Gotchas

This page holds a mixed-up collection of gotchas, tips and hard won advice when working with NetKernel applications.

Markdown documentation unterminated <element> tags

When writing NetKernel book or endpoint documentation markup files, any xml element tags in the text must be either teminated or `quoted` with backticks.

This markup line:

2. Created a <rootspace> with public="false" (want to hide csv file from rest of system)

will cause the following exception to be reported in the NetKernel system log:

org.xml.sax.SAXParseException
The element type "rootspace" must be terminated by the matching end-tag "</rootspace>".
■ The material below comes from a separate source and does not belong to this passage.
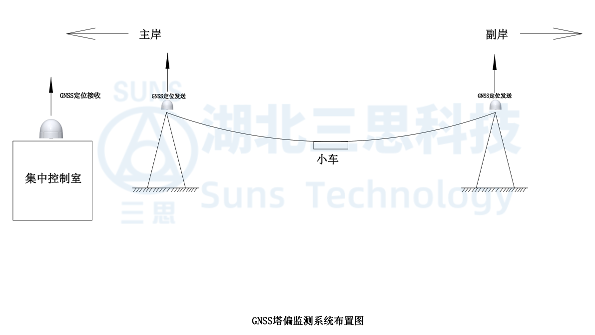 通過在塔頂安裝GNSS北斗定位基站來實現(xiàn)塔身偏移監(jiān)測;通過安裝在集中控制室的定位主站接收到塔頂傳來的信號給PLC采集器,PLC系統(tǒng)計算出塔身偏移的位移數(shù)據(jù)并顯示在集中監(jiān)控系統(tǒng)上。

Test xpath expressions with active:fragmentHDS

Use the active:fragmentHDS resource in conjunction with the RequestTrace tool to experiment with xpath expressions (where the expression is supposed to return a single node). You need a org.netkernel.mod.hds space imported into the application space, and then inject a request into an application space, using other resources and test data available:

<request>
  <identifier>active:fragmentHDS</identifier>
  <argument name="xpath"><literal type="string">/teamResults/teamResult[team='Liverpool']</literal></argument>
  <argument name="operand">
        <request>
          <identifier>active:HomeResults</identifier>
            <argument name="matches">active:MatchResults+season@2014-2015</argument>
        </request>
  </argument>
</request>

Endpoint documentation

NetKernel automatically generates a documentation page for every space and endpoint from information provided in the module.xml file. These pages can be enhanced with additional content:

  1. to add a doc (referenced in the module’s etc/system/Docs.xml) for each endpoint you want to document, also specifying <category>doc accessor</category>
  2. adding {endpoint}MyEndpointUri{endpoint} macro to bring in the auto-generated endpoint documentation.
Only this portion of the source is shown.